On 7/10/23 15:32, Mina Almasry wrote:
- TL;DR:
Device memory TCP (devmem TCP) is a proposal for transferring data to and/or from device memory efficiently, without bouncing the data to a host memory buffer.
(I'm writing this as someone who might plausibly use this mechanism, but I don't think I'm very likely to end up working on the kernel side, unless I somehow feel extremely inspired to implement it for i40e.)
I looked at these patches and the GVE tree, and I'm trying to wrap my head around the data path.
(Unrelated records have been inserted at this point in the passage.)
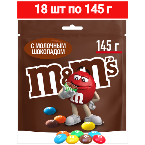 Драже M&M’s с молочным шоколадом, покрытое хрустящей разноцветной глазурью, 1 блок (18 шт по 145г)
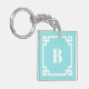 This Greek key monogram keychain combines chic design with functionality. Featuring a crisp white Greek key border and a vibrant aqua blue background, it can be personalized with your own monogram. Perfect for keeping your keys organized or as a thoughtful gift, this keychain adds a stylish flair to everyday essentials. It also makes a great gift for birthdays, anniversaries, or housewarmings.
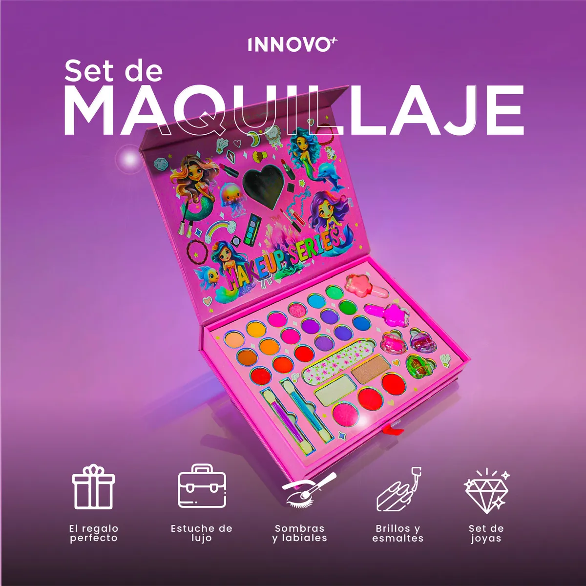 Es un juguete seguro y pensado especialmente para niñas que aman el mundo del maquillaje, la moda y la fantasía. Su diseño inspirado en sirenas y colores vibrantes convierte este kit en un elemento irresistible para niñas de todas las edades.
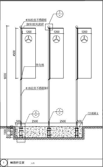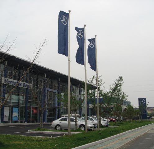 无锡德星奔驰4S店选用本公司9米旗杆3支作为刀旗杆,由于公司产品质量可靠,被奔驰4S店选为旗杆定点生产厂家,先后为宜兴奔驰4S店旗杆、南京奔驰4S店旗杆、杭州奔驰4S店旗杆、南昌奔驰4S店旗杆、南通奔驰4S店旗杆、启东奔驰4S店旗杆等众多奔驰4S店选为定点生产厂家。由于奔驰4S店新标准产生,本公司设计了全新一代符合新产品要求的奔驰4S店旗杆,该旗杆的挂旗杆长度由原来的3.6米改为4.5米,横杆长度为1.2米
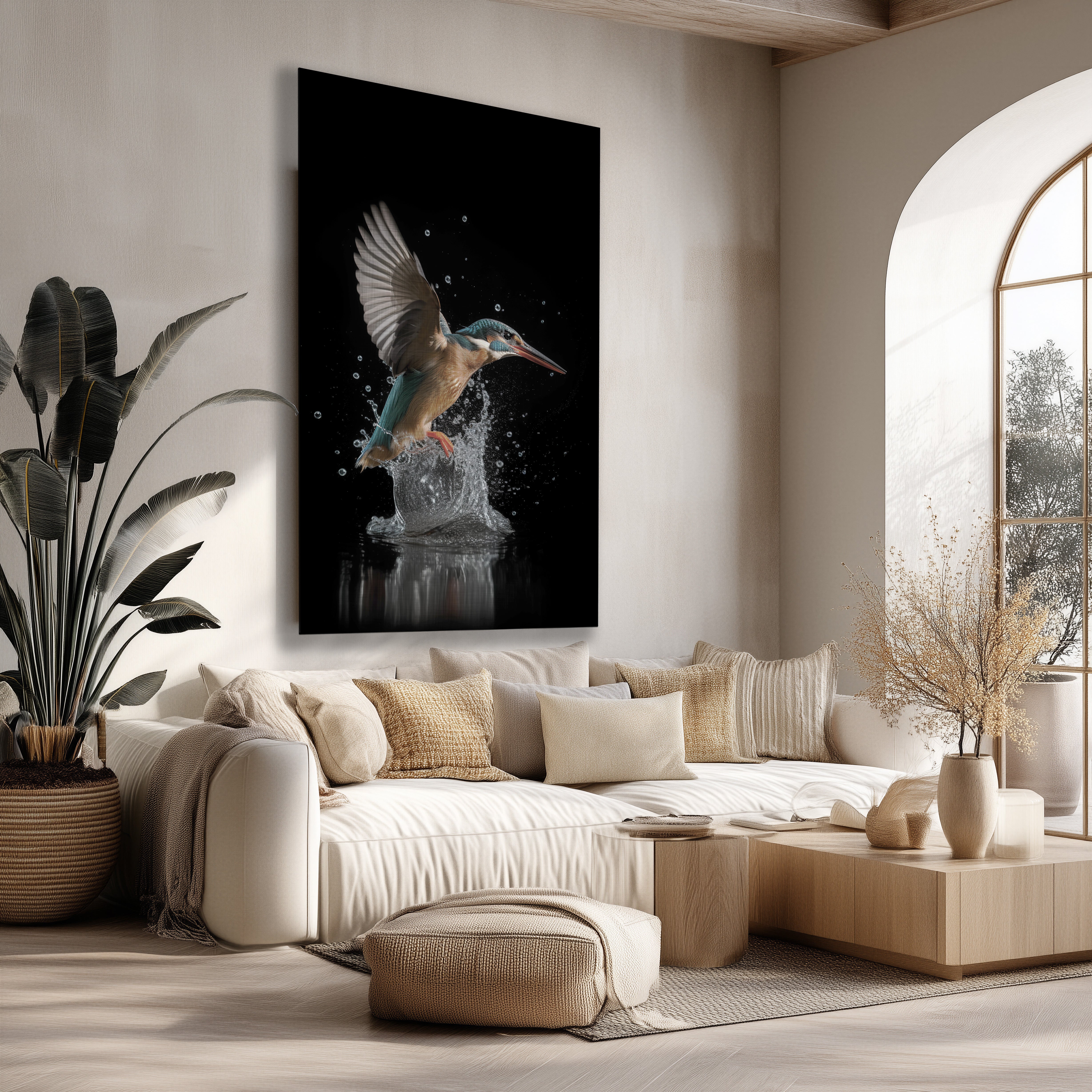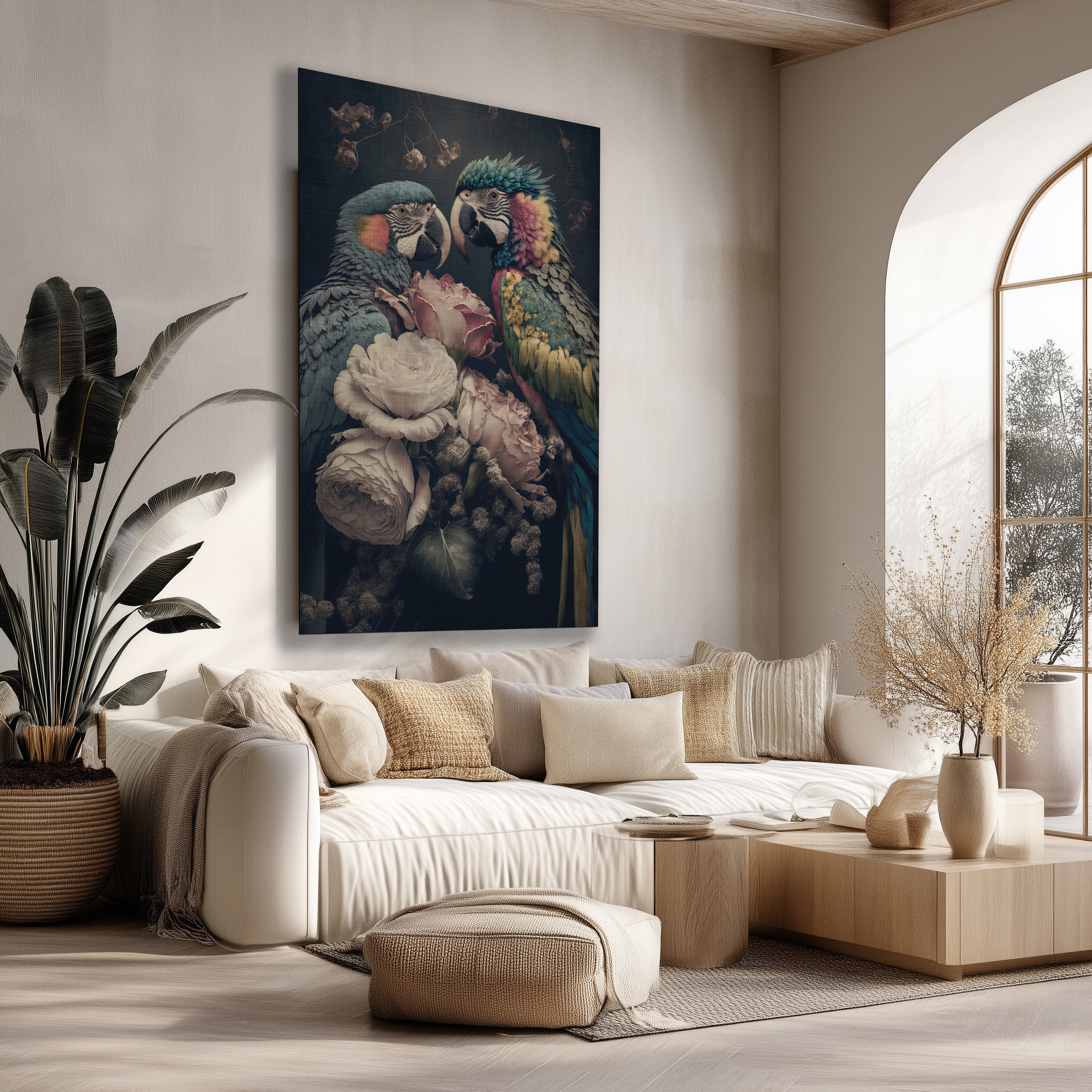 Landelijke muurdecoratie komt het best tot zijn recht in combinatie met natuurlijke materialen zoals hout, rotan en linnen. Kies voor warme tinten zoals beige, zand, bruin en zacht groen. Zo ontstaat een harmonieus geheel dat de landelijke stijl versterkt. Een groot schilderij boven de bank of een set landelijke posters in de hal maakt direct een statement.
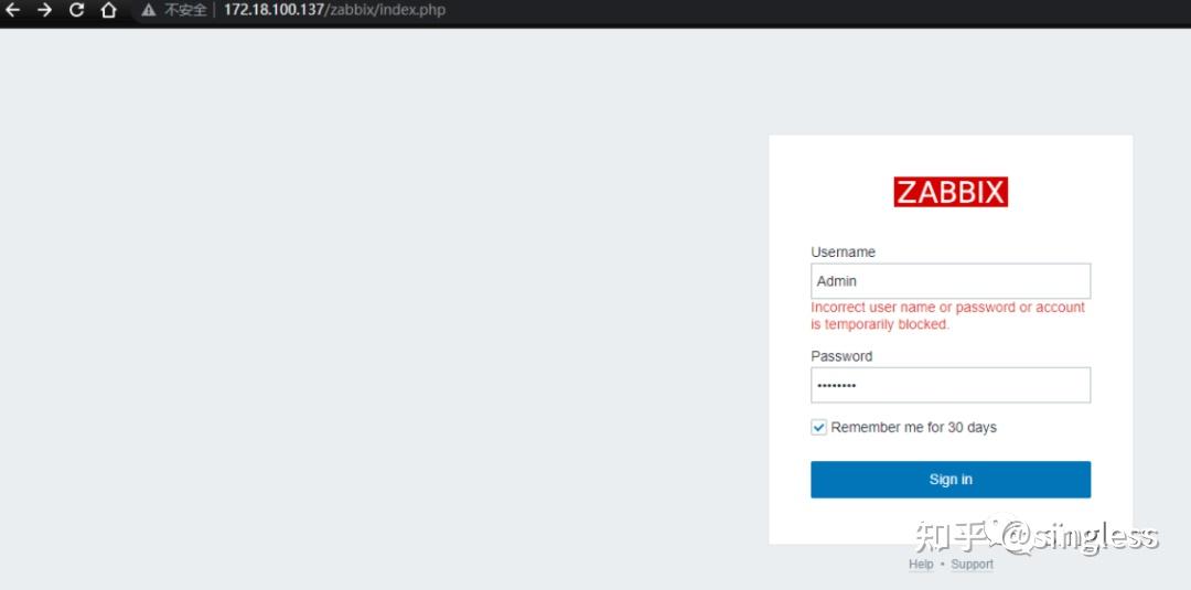 配置完成以后即可登录zabbix,默认zabbix的用户名为Admin,密码为zabbix
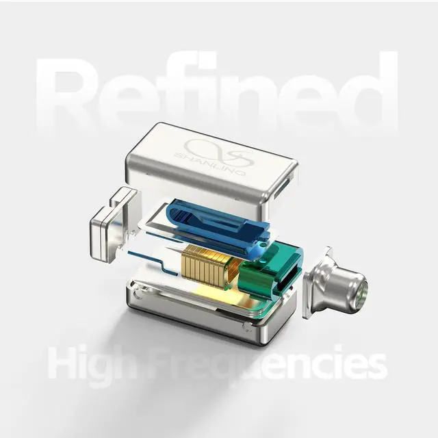 The "balanced" Nozzles feature more uniform tri-frequency energy, positively balanced sound, and high transparency, suiting various music genres. The "ambient" Nozzles have significantly enhanced low frequency and better dynamics. ^^ Exquisite Appearance ProcessThe shiny silver shell is precisely machined by 5-axis CNC and polished by hand. It is elegant and stylish, with an ergonomic design that is comfortable to wear. A single earphone weighs only 8.6 g.
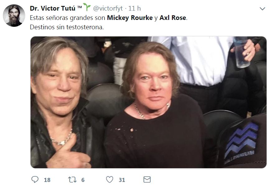 El actor Mickey Rourke y el cantante de Guns N' Roses, Axl Rose, fueron captados juntos en una fotografía y su aspecto desató cientos de bromas y memes.
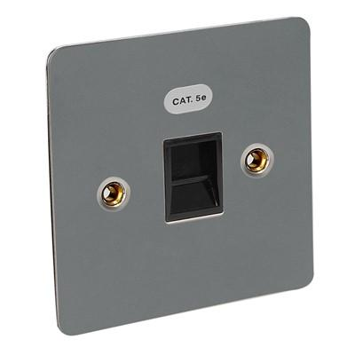 Axiom FRJ45/1/BN Socket Flat RJ45 Cat5e 1 Gang Black Insert Black Nickel | FRJ45/1BN
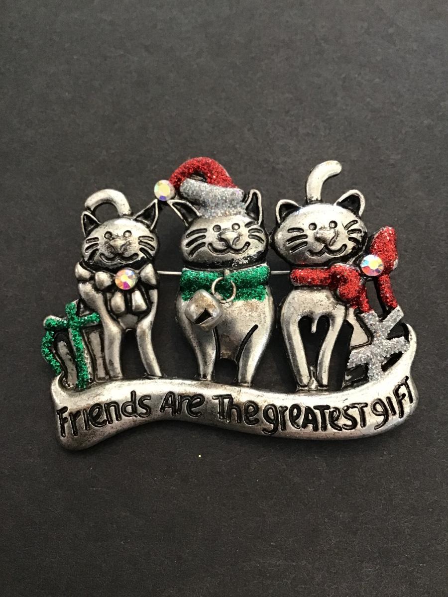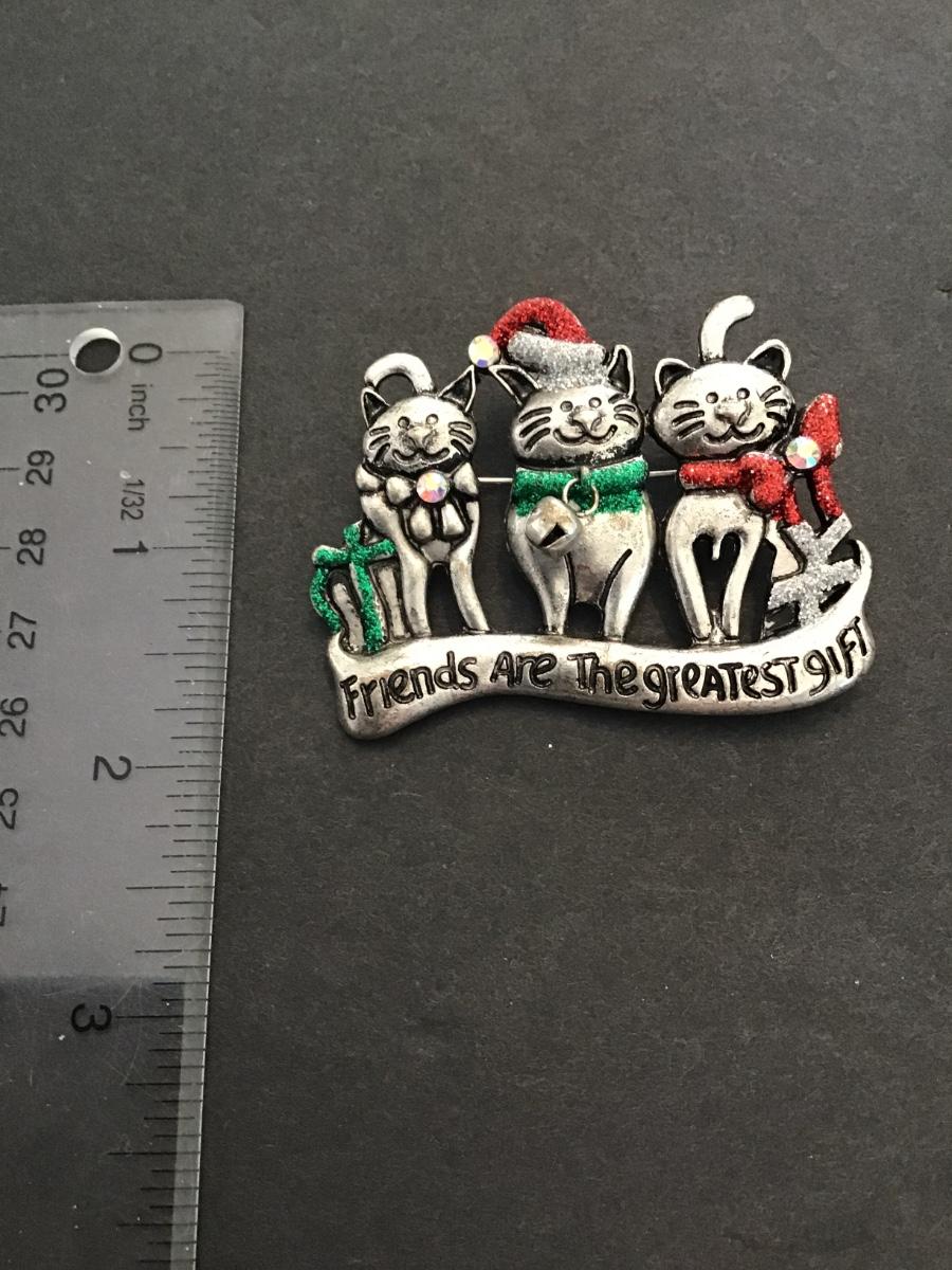 Very cute vintage Christmas cat brooch. Please see attached photos.
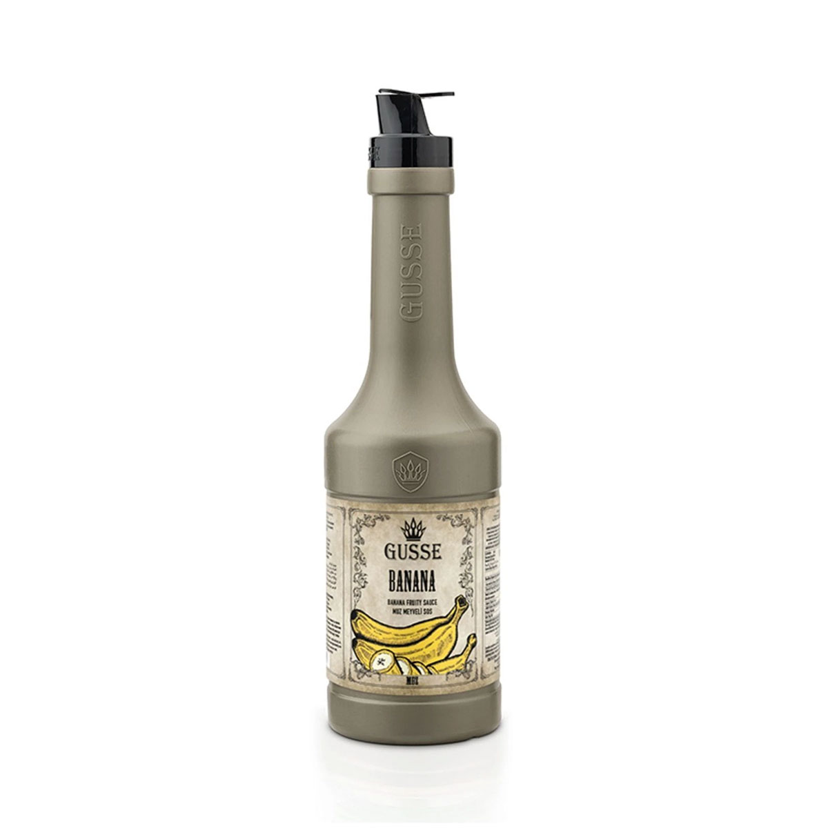 GUSSE Muz Aromalı Meyve Sosu 1.1 Kg, içecek ve tatlılarınıza muzun tatlı, yumuşak ve kremsi karakterini yansıtan yoğun bir meyve lezzeti katmak için geliştirilmiştir. Profesyonel mutfaklar ve ev kullanımı için ideal bir üründür.
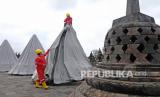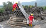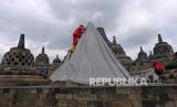 REPUBLIKA.CO.ID, MAGELANG -- Petugas Balai Konservasi Borobudur (BKB) membuka terpaulin penutup stupa candi Borobudur Magelang, Jawa Tengah, Kamis (10/6/2021). Pembukaan terpaulin yang terpasang sejak bulan November 2020 guna mengantisipasi guyuran abu vulkanik erupsi gunung Merapi tersebut, karena menurut Badan Penyelidikan dan Pengembangan Teknologi Kebencanaan Geologi (BPPTKG) Yogyakarta, Candi Borobudur aman dari ancaman bahaya erupsi Gunung Merapi.
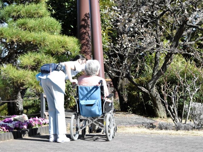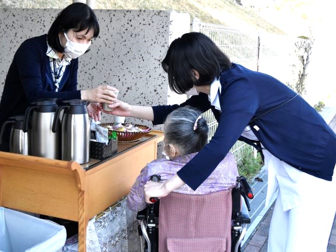風は少しあるものの暖かな陽射しが降り注ぐ中、緑茶・梅昆布茶と和菓子のワゴンサービスが行われました。風に舞う梅の花びらを目で追いつつお散歩されるお姿も見られました。
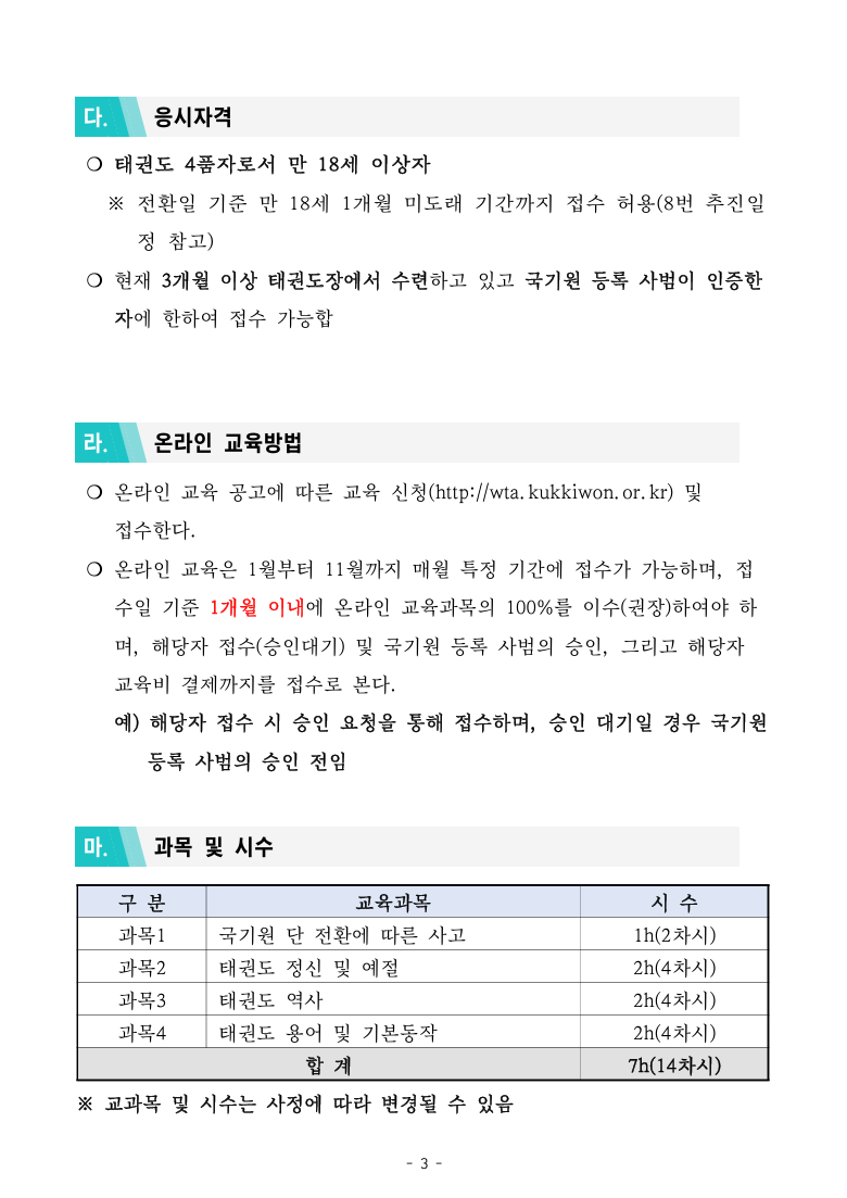[국기원] 2026년도 4품 4단 전환 보수교육(온라인 교육) 모집요강
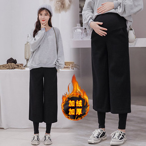 (实拍)秋冬潮妈九分毛呢阔腿连体打底长裤宽松孕妇裤...

As I understand it, for RX:
1. The GVE driver notices that the queue is programmed to use devmem, and it programs the NIC to copy packet payloads to the devmem that has been programmed. 2. The NIC receives the packet and copies the header to kernel memory and the payload to dma-buf memory. 3. The kernel tells userspace where in the dma-buf the data is. 4. Userspace does something with the data. 5. Userspace does DONTNEED to recycle the memory and make it available for new received packets.
Did I get this right?
This seems a bit awkward if there's any chance that packets not intended for the target device end up in the rxq.
I'm wondering if a more capable if somewhat higher latency model could work where the NIC stores received packets in its own device memory. Then userspace (or the kernel or a driver or whatever) could initiate a separate DMA from the NIC to the final target *after* reading the headers. Can the hardware support this?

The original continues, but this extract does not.